DATASET CONTENT below:

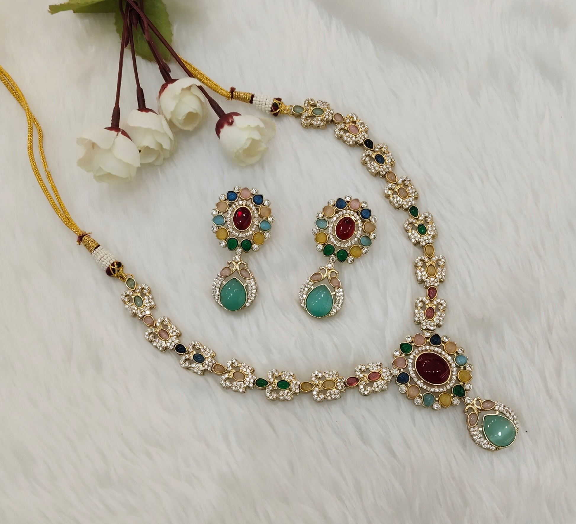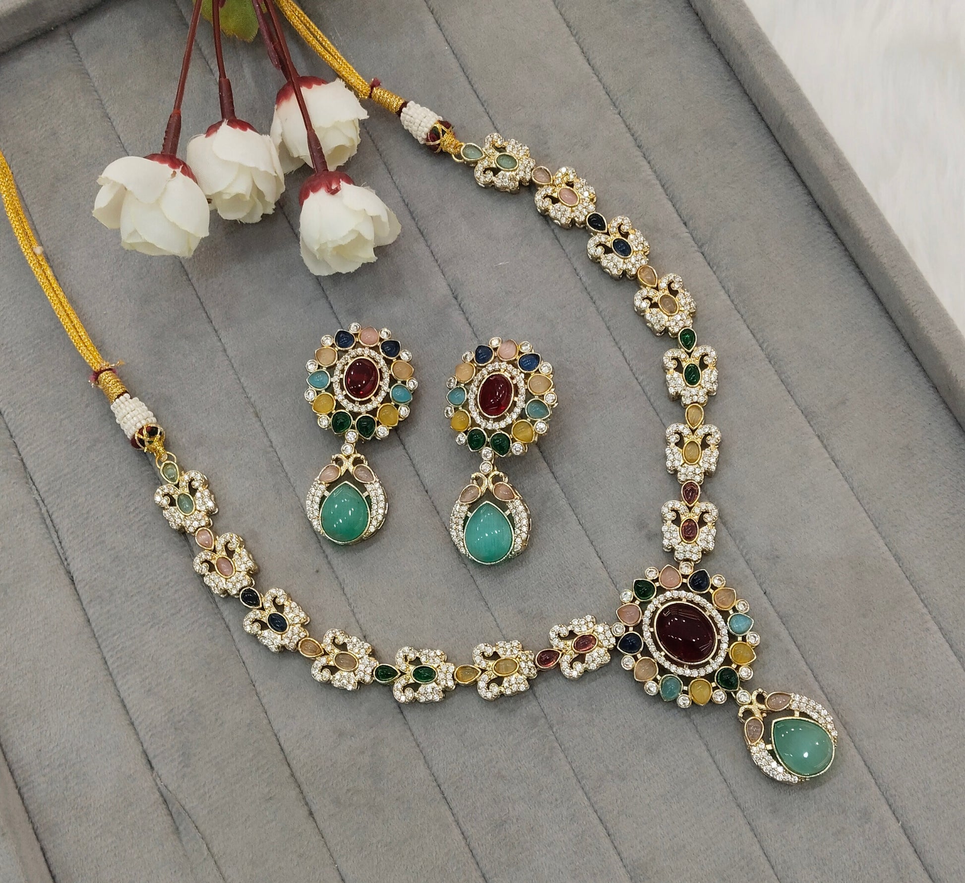 Multi Color Gold Moissanite Kundan Necklace Jewellery Sonalika Set
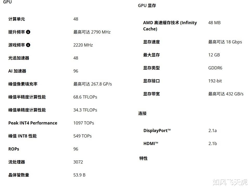 其他一些更具体的参数,游戏频率2220MHz,加速频率可达2790MHz,比RX 9070分别高了150MHz/270MHz。48个光追加速器,96个AI加速器,96个 ROPs光栅处理单元,3072个流处理器(SP)。GDDR6显存,显存速度18Gbps,最大显存12GB,显存位宽192 bit,显存带宽432GB/s。
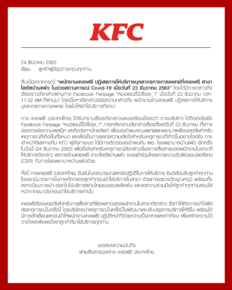 KFC(ケンタッキーフライドチキン)は2020年12月24日、新型コロナウイルスのクラスターが発生したサムットサコン県で、医療従事者へのサービスの提供を拒否した件について謝罪の声明を公式Facebookページに掲載しました。
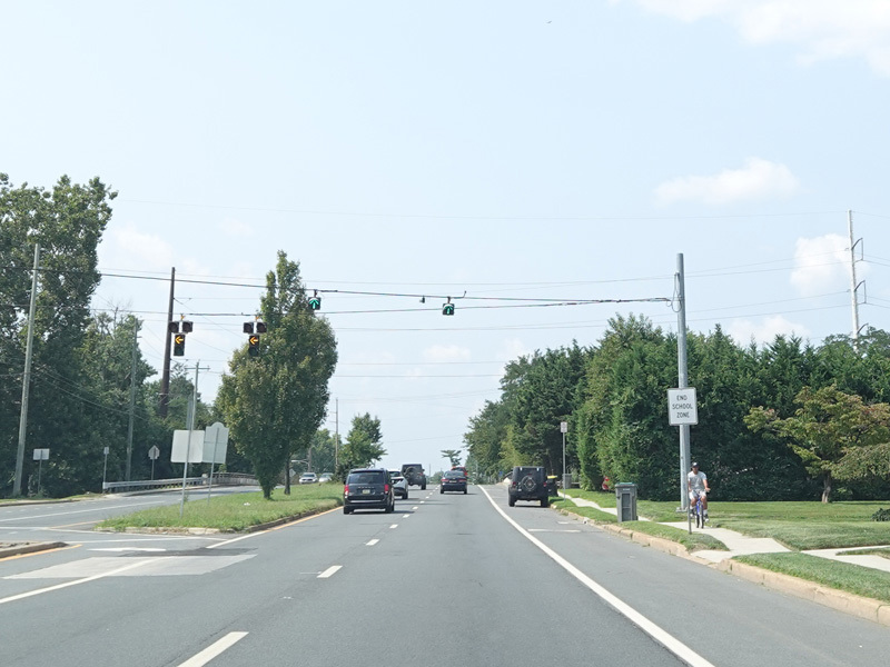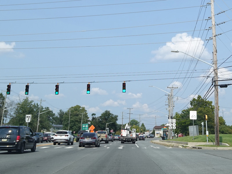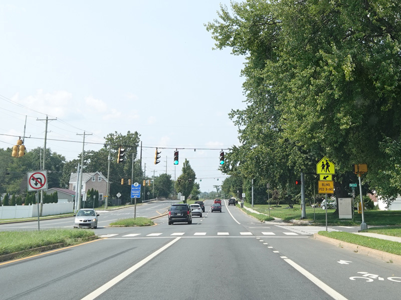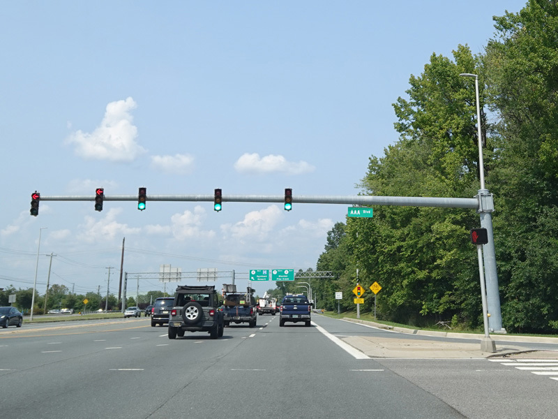 Skipping a short distance, Stanton Christiana Road runs north as a six-lane divided highway. There is a traffic light at AAA Boulevard.
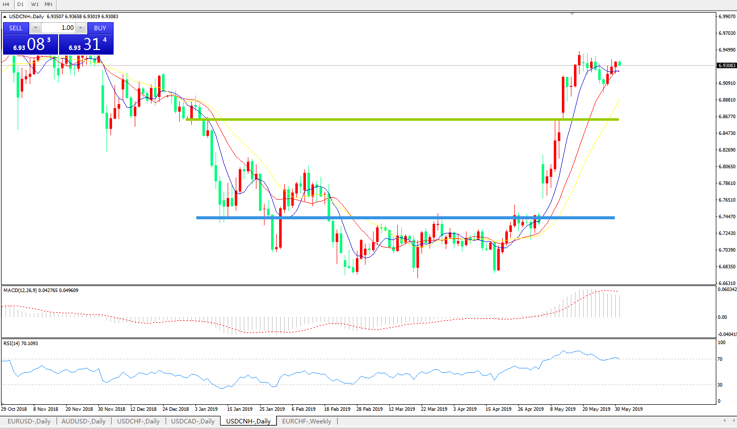 美元周四基本持平,势将连续第四个月月线上涨,因中美贸易僵局促使交易商将资金投入包括美元在内的被认为安全的货币。纽市尾盘,追踪美元兑六种主要货币走势的美元指数跌0.01%,至98.151。美元指数一周前触及98.371,这是20175月以来的最强,尽管交易员加大了对美联储将多次降息的押注,但美元的强势仍在持续。美元人民币延续高位整理,企稳态势明显。
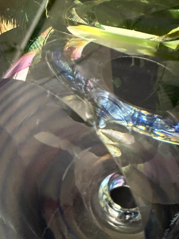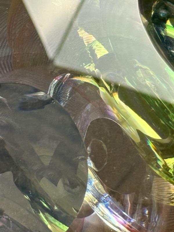 In good condition with few scratches and a few slight chips on the inner edge circle - we try to show them as best we can. We see 2 tiny ones and one that is a bit larger, smaller than a dime (all are hard to see).

End of DATASET CONTENT.

REQUIRED ACTION:
Please restate word for word the lines above, starting with the line that holds "美元周四基本持平,势将连续第" and ending with the final line of the records, while leaving out pictures.

PROBLEM SOLUTION:
 美元周四基本持平,势将连续第四个月月线上涨,因中美贸易僵局促使交易商将资金投入包括美元在内的被认为安全的货币。纽市尾盘,追踪美元兑六种主要货币走势的美元指数跌0.01%,至98.151。美元指数一周前触及98.371,这是20175月以来的最强,尽管交易员加大了对美联储将多次降息的押注,但美元的强势仍在持续。美元人民币延续高位整理,企稳态势明显。
 In good condition with few scratches and a few slight chips on the inner edge circle - we try to show them as best we can. We see 2 tiny ones and one that is a bit larger, smaller than a dime (all are hard to see).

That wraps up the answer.